Serving Clovis, Portales and the Surrounding Communities

Christmas program haunting

It’s Christmas and the music’s just got to get out. And get out it did, as those sitting near me at Andy Mason’s Christmas Concert will attest.

Those around me probably wished I had been singing a solo (so low they couldn’t hear me) but I’m sure my reindeer antlers with the flashing red lights were a big hit.

Andy came up with another great idea — he’s full of great ideas and even wrote a song about Portales — this particular idea was to do a concert that imparted the history of our favorite Christmas songs on the concert-goers.

The musical part of the evening was a sing-along and when he got to “Up On the Housetop” he thought he would stump many in the room with what Santa left in the kids’ stockings in the song. What he didn’t count on was that my cousin Mike Terry (sitting right behind me) and I were both veterans of Mrs.
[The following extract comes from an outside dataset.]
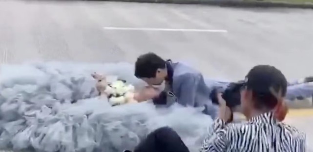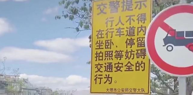 网友上传的视频中,拍婚纱照的一男一女直接躺在道路中间,全然不顾一旁写有“行人不得在行车道内坐卧、停留拍照”的提示牌和过往车辆。据了解,视频中的网红公路为云南大理弘圣路,因拍照时能与洱海及群山“同框”被称为“大理最美公路”,吸引着不少游客前来打卡。
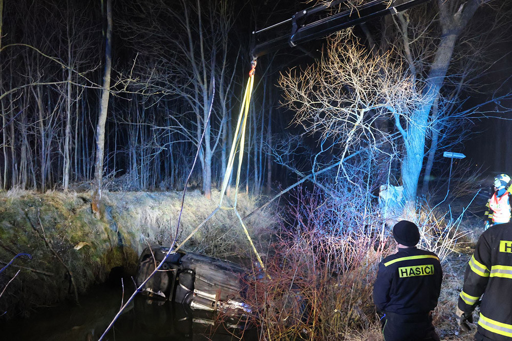 Hasiči lovili fabii z potoka na okraji Olomouce, opilá řidička přišla o řidičák

Brasell’s annual Christmas productions at L.L. Brown Elementary School.

Mike and I knew in a twinkling that Little Nell was getting a dolly that laughs and cries and Will was going to be pleased with a hammer and lots of tacks, a whistle and a ball and a whip that cracks. It was all because Mrs. Brasell took her job as music teacher serious and therefore we took learning all the words to the songs in the Christmas program serious.

Singing in the chorus on those programs was not bad but the ghost from Christmas past that still haunts me is doing a specialty number of “All I Want For Christmas Is My Two Front Teeth” with six or eight of my classmates. We put on great big bow ties and blacked our two front teeth with a black crayon. Each time we came to the “two front teeth” lyric we bent forward and pointed to our blacked out teeth.

Somewhere out there, probably in my mother’s picture stash, is a Bill Wahlman black and white of me in that bow tie.

The lyrics included “It seems so long since I could say ‘Sister Susie sitting on a thistle.’” At one spot in the song we all faked not being able to whistle. What a crock, I could whistle like a bird!

Talk about childhood trauma!

I knew all but a couple of the songs Andy played. I’m even pretty good at “Feliz Navidad” and if he’d asked for it I could have followed along pretty well on “Cascabels” (Jingle Bells in Spanish). A Rotary Club I belonged to in Colorado always threw the Head Start families a Christmas party and we sang “Jingle Bells” and “Silent Night” in Spanish.

Fortunately Andy didn’t call on me to lead “Cascabels” or put on my bow tie and black out my teeth for “All I Want For Christmas Is My Two Front Teeth.”

Fortunately these days I do still have my “Two Front Teeth” so I can in fact, without a lisp, “Wish you a Merry Christmas.”